- Portrait by Walter Stoneman, 1930
- Born: July 1864
- Died: 10 December 1947 (aged 83)
- Citizenship: British subject; Dominion of India;
- Occupations: Barrister; jurist;

= Chimanlal Harilal Setalvad =

Indian barrister and jurist (1864–1947)

Sir Chimanlal Harilal Setalvad (July 1864 – 10 December 1947) was an Indian barrister and jurist who practised in the Bombay High Court in the early 20th century.

==Life and background==

Chimanlal was born in July 1864 at Bharuch, Bharuch district, then in the Bombay Presidency of British India and now part of the state of Gujarat. The eldest of four brothers, he was born in a Gujarati Brahmin family which had achieved distinction in the law for the preceding two generations. The surname Setalvad derives from the family's origins in the Punjab, where their surname was Talvad. Some Talvads who were leaders of their community became known as Seth – Talvads ("Chiefs of the Talvads") which over time become "Setalvad". In the 18th century, some Setalvads migrated to present-day Gujarat and settled around Surat, serving as paymasters in the imperial Mughal armies.

Chimanlal's grandfather, Ambashankar Brijrai Setalvad (1782–1853) worked for the East India Company in the early 19th century, initially as a sreshtadar (registrar) in the Sadr Diwani Adalat, the Supreme Civil Claims Court. He was subsequently appointed Sadr Amin, or subordinate judge, for Ahmedabad district. Soon becoming renowned for his legal acumen, he eventually rose to Principal Sadr Amin, the highest judicial post then open to non-Europeans, and held the post at the time of his death. Chimanlal's father, Rao Sahib Harilal Ambashankar Setalvad (1821–1899), also served as Sadr Amin of Ahmedabad and was awarded the title of Rao Sahib by the British government upon his retirement in 1877. He subsequently served as dewan of the salute state of Limbdi.

==Career==

An alumnus of Elphinstone College, Mumbai, he served as Vice-Chancellor of Bombay University and as a member of the Governor of Bombay's Executive Council. He also was founding President of Bahishkrit Hitakarini Sabha, established by B.R. Ambedkar in 1924.

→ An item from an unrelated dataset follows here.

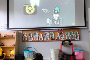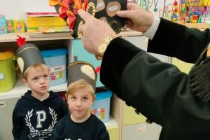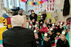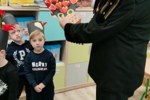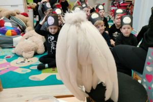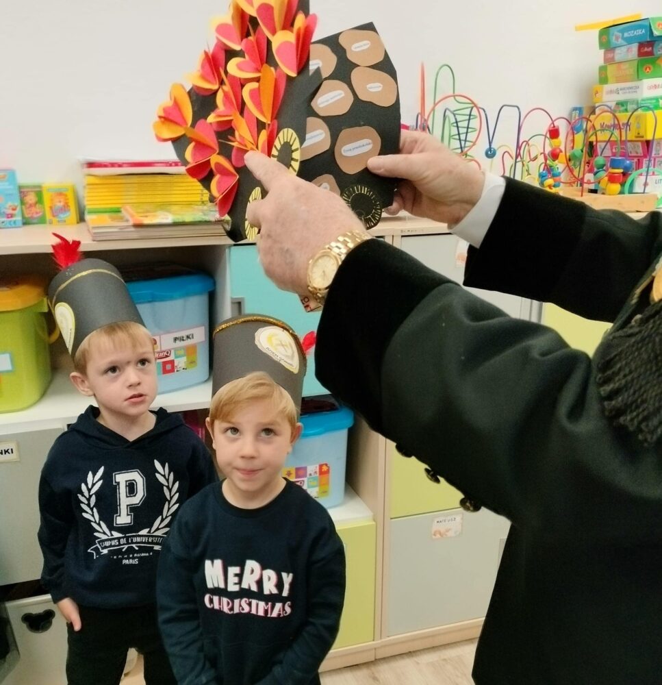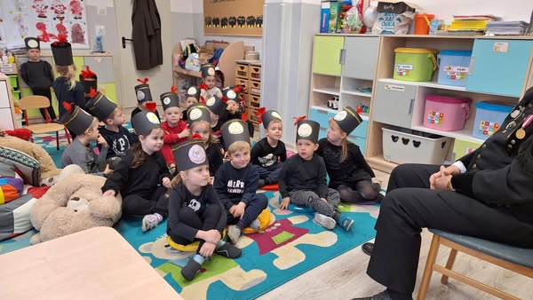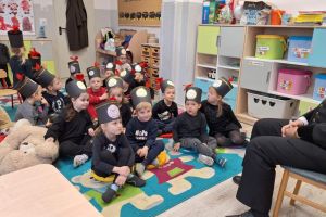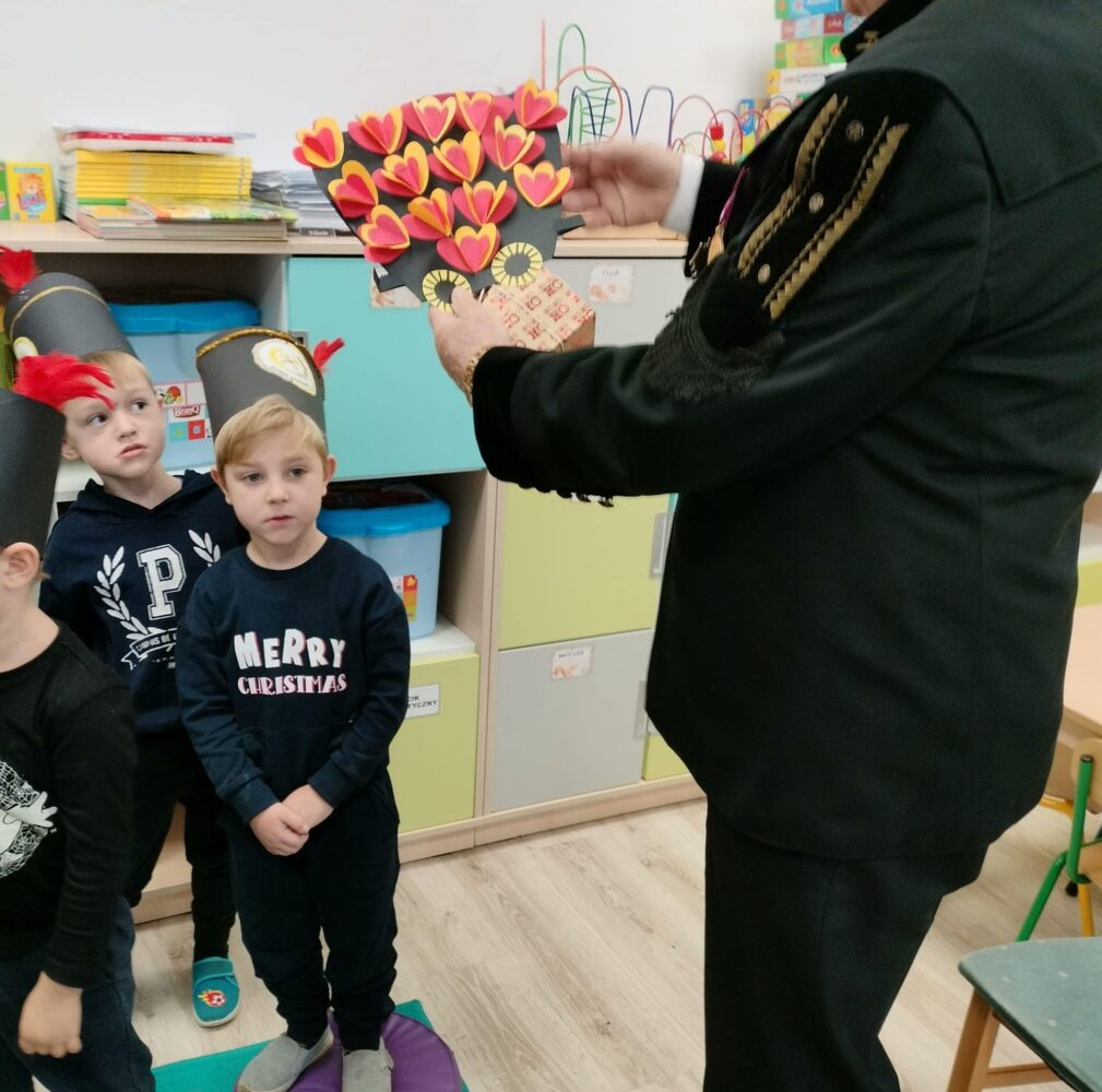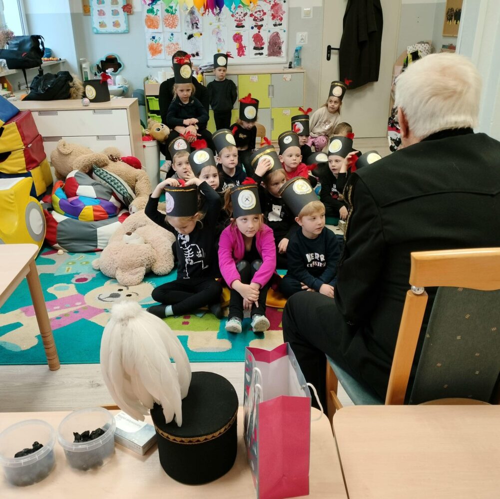 Przedszkolanki poznały powitanie górnicze słowami „Szczęść Boże”. Maluszki mogły zobaczyć strój galowy górnika oraz czako – galową czapkę. Czapki występują w różnych kolorach pióropuszy: zielonym/kadra kierownicza/, białym/inżynierowie/ czarnym/górnicy pracujący pod ziemią/ i czerwonym/górnicza orkiestra/. Dużym zainteresowaniem cieszył się sznur orderów przypiętych do munduru górnika oraz sam węgiel, który dzieci mogły dotknąć i powąchać. Przedszkolaki pożegnały miłego gościa odśpiewaniem tradycyjnego ”100 lat”’

Chimanlal was recognised by Gandhi as an impartial advocate of great integrity. While in favour of independence from Britain, Chimanlal was opposed to Partition; sadly, he lived to see Partition and its accompanying horrors become a reality before his death on 10 December 1947, aged 83.

==Honours==

Setalvad was knighted in the 1919 New Year Honours List. He was further appointed a Knight Commander of the Order of the Indian Empire (KCIE) in the 1924 Birthday Honours list.

==Family==

He was the father of M.C. Setalvad, later Attorney General of India from 1950 to 1963. His great-granddaughter is Teesta Setalvad, a noted journalist and civil rights activist.

==Works==

- Recollections & reflections, an autobiography, Padma Publications, 1946.

==In popular culture==

In the film Gandhi (1982), Chimanlal Setalvad is portrayed by Habib Tanvir as a member of the Hunter Commission, in which role he cross-examines General Dyer (credited in movie as Indian Barrister).